Monday night, Martin and I came home and discovered an eviction notice in the mail.  We have been paying outrageous electric bills ($1600 for the last two months) due to a malfunctioning heating unit.  Martin recently asked to be compensated for some of the cost and this, apparently, is their reply.  We must be out by March 31st.  Reading those words induced a strange feeling.  Suddenly I realized I was standing in a place where I was unwelcome.  The natural instinct is to remove yourself and retreat to a place where you are, but we just stood there facing the reality that we don’t have any other place to go. 

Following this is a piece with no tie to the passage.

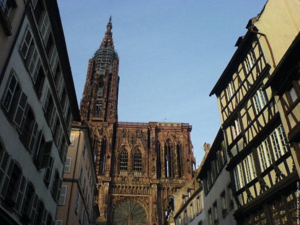La cathédrale Notre-Dame de Strasbourg a été construite à partir de 1176 jusqu’en 1439. Plusieurs architectes y ont contribué : Michel de Fribourg (façade), Klaus de Lohr (façade), Erwin von Steinbach (façade), Ulrich d’Ensingen (tour octogonale) et Johannes Hültz (flèche). Elle mesure 142 m et est reconnaissable par son unique clocher surmonté d’une flèche. Son style dominant est le gothique.

It has been a stressful relationship with the property managers this whole year, and honestly, I’d be glad to walk away from the situation at this point if it wasn’t for two things:  1) moving requires so much energy and it is taking about all I have these days just to get out of bed in the morning.  2)  we are not having much luck finding another rental property.  You see, even though the D.C. area is vast and sprawling, it is also a very confining environment because of how populated it is.  You are limited to certain locations by how long it would take you to get to work.  The other night it took me over an hour to drive 20 miles.  So, take those prospects and narrow the field by which neighborhoods are safe.  Take those and narrow by which properties we can afford.  And then those prospects are reduced by space and whether or not pets are allowed.  Would anyone like a dog or two?

I tend to be a worrier, so I have learned that my level of panic is not always a good indication of how serious a situation actually is.  A better one, I’ve found, is how early Martin gets out of bed in the morning.  That night I don’t think he slept at all.  A side effect of emotional pain is how it becomes physical.  You lose the ability to sleep, your muscles ache,  etc.  These things combined with your anxiety soon render you disabled.  We come home and make ourselves TV zombies to cope.  I’m terribly behind with household tasks and neither of us have cooked in a while.  Not that it matters; my body has been rejecting any form of food or drink for the past two weeks.  Today I’m trying a diet of dry cereal, applesauce, and green tea–we’ll see how that goes. 

It has me thinking about the homeless people living on streets, in shelters, in cars.  The vagrant.  The displaced.  I’ve always had a soft heart for these people, but have also let myself off the hook with the ideas that  “they should just get a job…they must have done something to deserve it.”  In my present situation, I am heartbroken at the reality of just how hard their struggle must be.  In truth, we are all one perfect storm of misfortune away from being in their place.  And once there, the uncertainty of meeting basic needs can pull you the rest of the way under. 

The other night I was folding socks and noticed that some of Martin’s are stained with the blue paint that we used on our master bedroom walls back in Illinois.  We all miss that house.  Last night as I was tucking Ansley into bed, I decided to start preparing her for another move.  “We’re going to start looking to see if we can find a better house to live in.”  She rolled away for a second and then looked back up at me and asked, “Who’s in the one we just came from?”  I should have appreciated it more than I did; I wanted a better space for entertaining–ha!  Whoever penned the words “your home is your castle” wasn’t talking about architecture.  It is your safe place, your security, your foothold in this world.  When your lose those things, it doesn’t matter if you have a roof over your head, you become homeless.